Perhaps this post will help someone else here realize the same.
Here they are:
1. Having a higher IQ
2. Actually getting REM sleep and feeling rested
3. Being able to remember stuff instead of forgetting everything. Even simple things like where I left the keys.
4. Not eating junk food and getting fat
5. Not looking extremely unattractive because I'm fat
6. Actually care about how I look
7. Being able to spend time with people who don't smoke weed. I lost touch with so many successful people because I only wanted to hang out with other stoners.

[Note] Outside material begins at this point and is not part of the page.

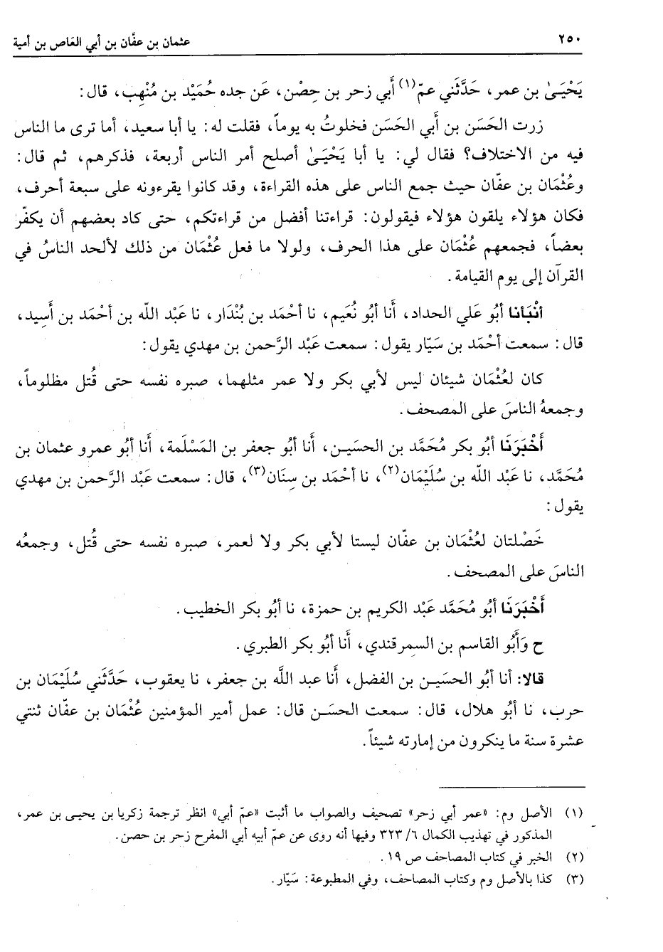 يحيى بن عمر حدثني عم (1) أبي زحر بن حصن عن جده حميد بن منهب قال زرت الحسن بن أبي الحسن فخلوت به يوما فقلت له يا أبا سعيد أما ترى ما الناس فيه من الاختلاف فقال لي يا أبا يحيى أصلح أمر الناس أربعة فذكرهم ثم قال وعثمان بن عفان حيث جمع الناس على هذه القراءة وقد كانوا يقرءونه على سبعة أحرف فكان هؤلاء يلقون هؤلاء فيقولون قراءتنا أفضل من قراءتكم حتى كاد بعضهم أن يكفر بعضا فجمعهم عثمان على هذا الحرف ولولا ما فعل عثمان من ذلك لألحد الناس في القرآن إلى يوم القيامة أنبأنا أبو علي الحداد أنا أبو نعيم نا أحمد بن بندار نا عبد الله بن أحمد بن أسيد قال سمعت أحمد بن سيار يقول سمعت عبد الرحمن بن مهدي يقول كان لعثمان شيئان ليس لأبي بكر ولا عمر مثلهما صبره نفسه حتى قتل مظلوما وجمعه الناس على المصحف أخبرنا أبو بكر محمد بن الحسين أنا أبو جعفر بن المسلمة أنا أبو عمرو عثمان بن محمد نا عبد الله بن سليمان (1) نا أحمد بن سنان (2) قال سمعت عبد الرحمن بن مهدي يقول خصلتان لعثمان بن عفان ليستا لأبي بكر ولا لعمر صبره نفسه حتى قتل وجمعه الناس على المصحف أخبرنا أبو محمد عبد الكريم بن حمزة نا أبو بكر الخطيب ح وأبو القاسم بن السمرقندي أنا أبو بكر الطبري قالا أنا أبو الحسين بن الفضل أنا عبد الله بن جعفر نا يعقوب حدثني سليمان بن حرب نا أبو هلال قال سمعت الحسن قال عمل أمير المؤمنين عثمان بن عفان ثنتي عشرة سنة ما ينكرون من إمارته شيئا

8. Having motivation and ambition again
9. Not revolving my life around getting high
10. Being a responsible son, friend, boyfriend, employee
11. Being able to work towards the life I actually want
12. Having better lung health
13. Not making my brain smaller
14. Saving money
15. Having dreams again. Both dreams when I'm asleep and dreams when I'm awake.
16. Not dealing with shady dealers (still illegal where I'm)
17. Not trying to convince sober friends to smoke with me and then having them politely decline my invitation
18. Not feeling like life is passing by while I'm high
19. Not having to hide the fact that I smoke weed from my parents, siblings
20. Not spending a huge amount of time on video games, pointless Youtube videos, and doom scrolling while I'm high
21. Not being antisocial
22. Not staying home by myself from 6pm - 2am getting high every evening
23. Not having to put "420 friendly" in my dating profile
24. Not putting off responsibilities
25. Not procrastinate to the max
26. Not having random paranoia while high
27. Not thinking about how I can get weed when I'm planning a trip
28. Not ignoring messages from old friends and family members because I'm more interested in getting high
29. Having a body that isn't built on junk food
30. Not spending an enormous amount of time researching strains and ways to smoke
>What are your thoughts on coffee/caffeine addiction?
I don't know. I don't have enough experience/thoughts on this.
I wish you success in developing your three week old belief into a resilient source of intrinsic motivation. I hope for you that it is a sustainable and healthy belief.
My brother in christ, it’s clear in your writings in this thread that you have a ton of emotion about the choices you made a few weeks ago. Those feelings are not contained in a vacuum chamber. My comment was sincere. I expect you have a shit load of work in front of you to heal and I sincerely hope you are on a sustainable path.
this discourse is like people reading an invisible script every time i've seen it online for the last 20 years -- "weed causes <some negative effect>", followed by a chorus of, "oh yeah well what about alcohol!?!"
I don’t know what I read, but someone said weed before all of the legalization in the last ten years was 5% THC. The stuff being sold in dispensaries now is 80-95% THC. Weed went commercial and so did the potency.
Corporate America got a hold of the industry for pure profits.
You can purchase concentrates which are oils or resins at high THC percentages. These are manufactured from plant material to concentrate it not unlike making orange juice concentrate.
The theoretical physical limit of THC development in the plant is around 30%. You cannot find flower that will test much higher than that - if that.
Yes it’s more potent than it was due to - drumroll - modern agricultural practices.
This kind of misinformation parroting is really no bueno.
That said, as someone who is bipolar, has bipolar friends and has used cannabis for a significant portion of my half-century on Earth, cannabis usage is proportional to mood instability in myself and my friends. I have taken extensive breaks and noticed I am much more mentally resilient and less emotionally labile when taking breaks.